# dog is crying while pooping



## travisdmathews (Sep 17, 2008)

Hello,

I have a 15lb neutered italian greyhound mix who has been whimpering, which has turned into all out crying, as if in pain, when pooping. this started several months ago, maybe 6 months ago, infrequently. he's scared of lots of things so i thought it was more of the same when he would yelp and run away from his poop. 

as it got more frequent and he seemed to be pained i started questioning it. Ive taken him to the vet recently and she took an xray that didn't indicate anything but per her suggestion i had him get an ultrasound. this showed that he was in good health. the vet said his anal glands were fine too and that his prostate was normal in size and health. she did say, upon first examination, that she thought she felt something enlarged just inside his anus. the subsequent tests didn't show anything.

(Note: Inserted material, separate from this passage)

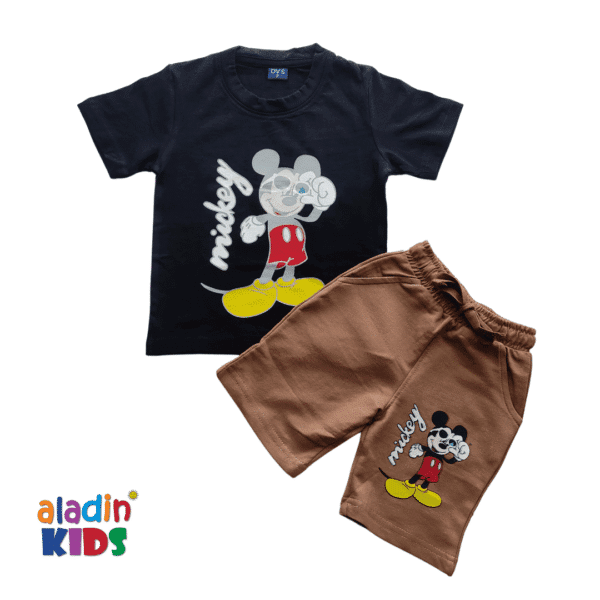 Boys Cute Mickey Printed T-shirt & Pant Set Black

the end result was a suggestion to get him on soft food only. i had previously had him on EVO small beef kibble. I used to put fish oil on top, which he enjoyed, and it seemed to temper the problem, but never solve it. he's outside a lot and should not be holding it in either, something i considered as the problem. his stool is solid to soft now and he's still crying. i feel like i've exhausted options and the vet seems pretty clueless at this point. 

any thoughts are appreciated.
thanks
Travis


----------



## AkiraleShiba (Dec 9, 2007)

At this point have you considered that it might be behavioural ? Maybe ask a behaviourist in your area if he could help you with this or whether if he has ever encountered such a case. Maybe it's some sort of puppy trauma but I am extrapolating.


----------



## LuvmyRotti (Oct 26, 2007)

I'm thinking maybe going to another vet to get a second opinion. Dogs don't cry out for no reason. Sounds like he is still having trouble relieving himself.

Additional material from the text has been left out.